Literary reading used to be something that non-readers aspired to, not scoffed at. In the pre-mechanization cigar factories in Ybor City, Florida, the workers would listen to a lector read great works of literature while they hand-rolled each cigar. (This practice inspired the Pulitzer-prize winning play, Anna in the Tropics, by Nilo Cruz.) Can you imagine assembly-line workers today giving their rapt attention to a well-dressed lector reading Anna Karenina? There would be jeers and catcalls, cries to shut the f__ up.

Egalitarianism is usually a good thing, but not when it fosters an attitude that nothing and no one is better than me, and I don’t need to aspire to nothing. Literary reading isn’t just overlooked in the flurry of multiple media, it’s rejected as too snooty, too condescending, and who you think you’re talking to?
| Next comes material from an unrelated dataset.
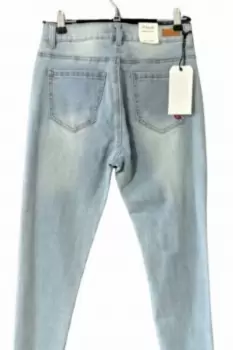 Jeans Strech a la cintura, deslavado talla-7 con bolsas traseras y cierres en costado de tobillos,
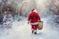 In een betoverd winterbos, gehuld in zachte sneeuwvlokken, dwaalt een bekende figuur in felrood rond. Zijn grote, gevulde zak belooft vreugde en verrassingen, terwijl de ijzige stilte de magie van de komende feestdagen omhult. Een vleugje nostalgie en verwachting zweeft door de lucht terwijl hij naar zijn mysterieuze bestemming loopt.

The same attitude is apparently at work in the growing (and also alarming) trend of newspapers to drop their book reviews. The former book editor of the L.A. Times blamed it on “faux populism,” explaining that only the books that can be understood by the greatest number of readers can be reviewed, because anything else smacks of elitism. https://vueweekly.com/articles/default.aspx?i=7761

What’s the solution? We’re not going to change the nature of the populace, but we could change the way literature is presented to them. We should stop force-feeding archaic texts to our high school students. Yes, Shakespeare was brilliant, but save him for college. Teach literature as a form of entertainment and not torture. Make it accessible. Make it fun.